5. Дифференциация (3-7 дней)

  1. Через три дня после покрытия, собирать 50 мкл среднего от каждой скважины 96-хорошо пластины и заморозить при температуре-20 ° C, затем аспирационная остаточного среднего.
  2. Добавьте 1 мл и 100 мкл остеокластов индукции среднего в каждую лунку 24-ну плиты и плиты 96-луночных, соответственно.
  3. Инкубируйте при 37 ° C в течение 2 дней.
  4. Собирать 50 мкл среды от каждой скважины и аспирационная остаточного среднего.
  5. Добавьте остеокластов индукции среднего в каждой скважине.
  6. Инкубируйте при 37 ° C, за 1 день.
    Примечание: В этот момент времени, большие, многоядерные остеокласты следует рассматривать под инвертированным микроскопом (рис. 2A).
  7. Если не видны остеокласты, измените среднего индукции остеокластов и наблюдать ежедневно, пока не видел остеокластов.
  8. Соберите 50 мкл среды от каждой скважины 96-луночных пластины после того, как сформировались остеокластов.

6. тартрата пятнать устойчивостью кислой фосфатазы (ловушка)

Примечание: Зрелые остеокластов может присутствовать после 6-7 дней в vitro культуры (шаг 4).

  1. Аспирационная среднего и мыть нежно 3 раза с ПБС.
  2. Исправить ячейки в каждой скважине 96-луночных пластины с 100 мкл раствора исправление для 30 s при комнатной температуре.
  3. После фиксации аспирационная решения и мыть нежно 3 раза с деионизированную воду подогретую до 37 ° C. Аспирационная деионизированную воду.
  4. 100 мкл ЛОВУШКУ пятно в каждой скважине 96-луночных пластины и место пластину в инкубаторе при 37 ° C 30 мин и щит от света.
  5. После окрашивания, аспирационная ЛОВУШКУ пятно и осторожно промойте деионизованной воды 3 раза.
  6. Остеокласты изображения с помощью инвертированного микроскопа при 40 кратном.

7. ЛОВУШКУ активности количественная оценка питательной среды

  1. Сбор 30 мкл культуры супернатанта от каждой скважины 96-луночных пластины из шага 5.1, 5.4 и 5.8; Используйте 30 мкл-культивированный остеокластов индукции среды как отрицательный контроль.
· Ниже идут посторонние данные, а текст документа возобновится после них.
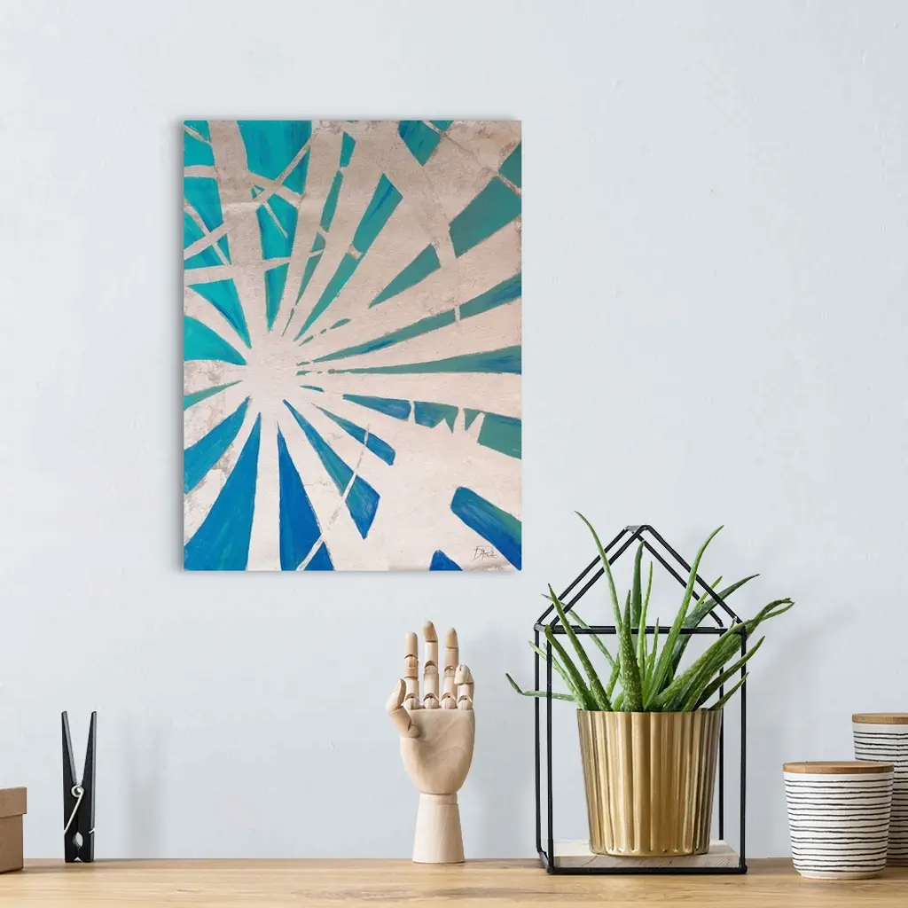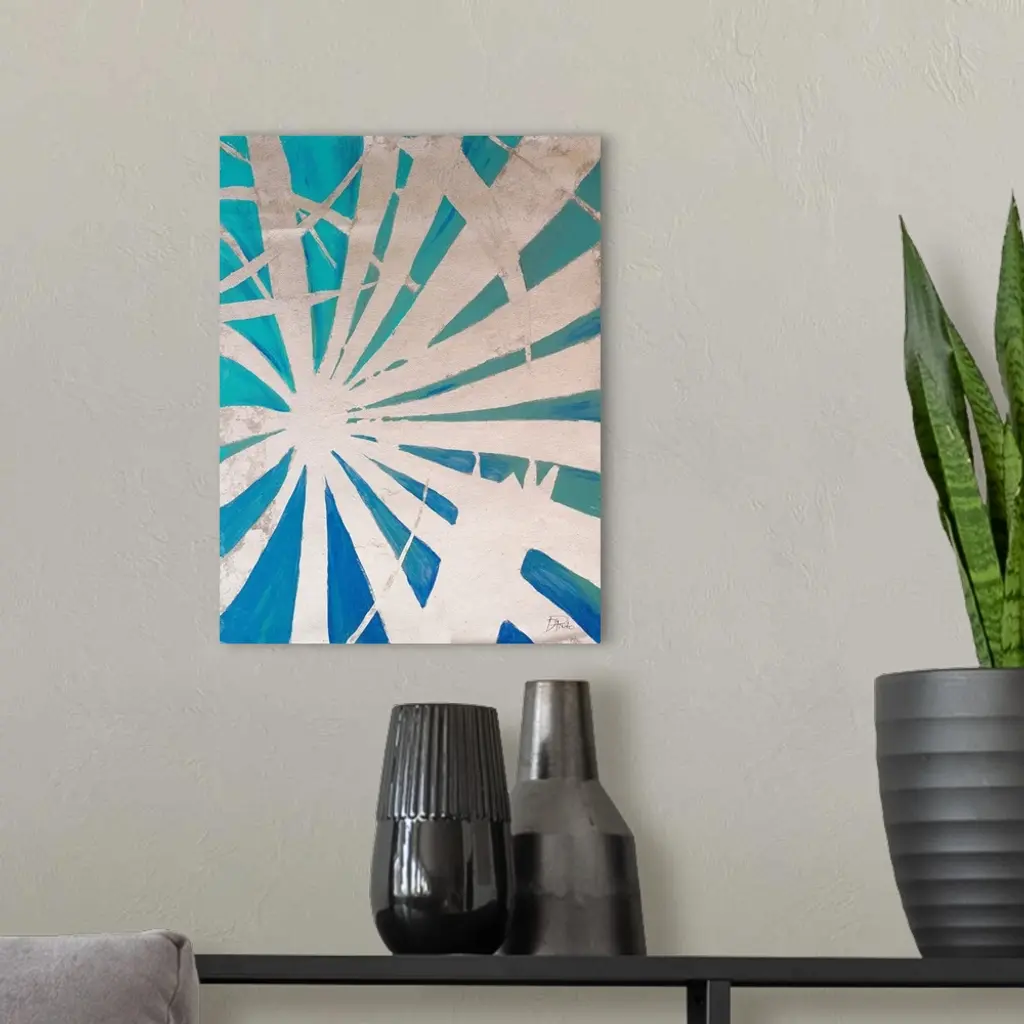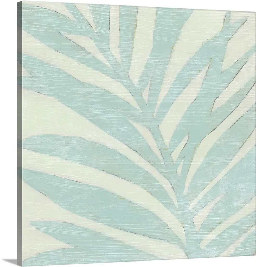 Contemporary abstract painting of a tropical looking palm fronds in light gray silhouette against a blue green background.
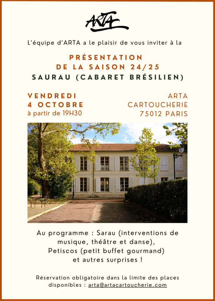 L’équipe d’ARTA a le plaisir de vous inviter à la présentation de la saison 2024/2025 suivie d’un Sarau (petit cabaret brésilien), vendredi 4 octobre à 19h30 à ARTA – Cartoucherie.

Поместите образцы в новой 96-луночных пластины.
  2. Добавление 90 мкл mixture(1.5.5) субстрата в каждой скважине 96-луночных пластины.
  3. Место пластину в инкубаторе при 37 ° C 1 h и щит от света.
  4. Остановите реакции, добавляя 50 мкл 3 M NaOH в каждой скважине 96-луночных пластины.
  5. Измерения theabsorbance на длине волны 405 нм.

8. западный Blotting

Примечание: После 6-7 дней в vitro культуры в пластину 24-Ну, Зрелые остеокласты должны быть видны.

  1. Аспирационная среды.
  2. Мыть нежно с предварительно охлажденный 1 x PBS 3 раза.
  3. Аспирационная PBS.
  4. 100 мкл 1 x SDS лизис буфера содержащий ингибитор протеазы коктейль.
  5. Лизатов тепла при 105 ° C 10 мин и центрифуги на 12 000 × g и 4 ° C на 10 мин собирать supernatants, содержащие белки.
  6. Отдельные лизатов, содержащие 30 мкг белка на 10% SDS-PAGE11 и затем передать винилидена фторида (PVDF) мембраны.
  7. Блокировать мембраны с 5% обезжиренное молоко за 30 мин.
  8. Инкубации мембран с анти ящера, анти P-S6, анти S6, анти β-актина в 1:1,000 разрежения в 5% обезжиренное молоко при температуре 4 ° C на ночь.
  9. Вымойте мембраны с трис буфер солевой с Tween-20 (TBST) для 10 мин при комнатной температуре.
  10. Повторите шаг 8,9 дважды.
  11. Инкубации мембран с пероксидазой хрена (ПХ)-конъюгированных IgG антитела анти мыши или кролика на 1:5,000 разрежения в 5% обезжиренное молоко в течение 1 ч при комнатной температуре.
  12. Вымойте мембраны 3 раза с TBST 10 мин при комнатной температуре.
  13. Хемилюминесцентный детектор добавить Западной Хемилюминесцентный субстрат HRP на мембранах и инкубировать в течение 5 мин при комнатной температуре. Слейте излишки субстрата и разоблачить помарки для рентгеновской пленки.

Subscription Required. Please recommend JoVE to your librarian.

Representative Results

Используя настоящий Протокол, большое количество гигантских остеокласты были замечены на день 6; Если не видны гигантских остеокласты, еще один день дифференцировки остеокластов может быть необходимо (рис. 1). Формирование успешных остеокластов был подтвержден ловушек, окрашиванию (рисунок 2A). Остеокласты были гигантские клетки вино красный/фиолетовый с более чем 3 ядрами. Более чем 250 остеокласты были получены в каждой скважине 96-луночных пластины в WT BMMs (рис. 4A).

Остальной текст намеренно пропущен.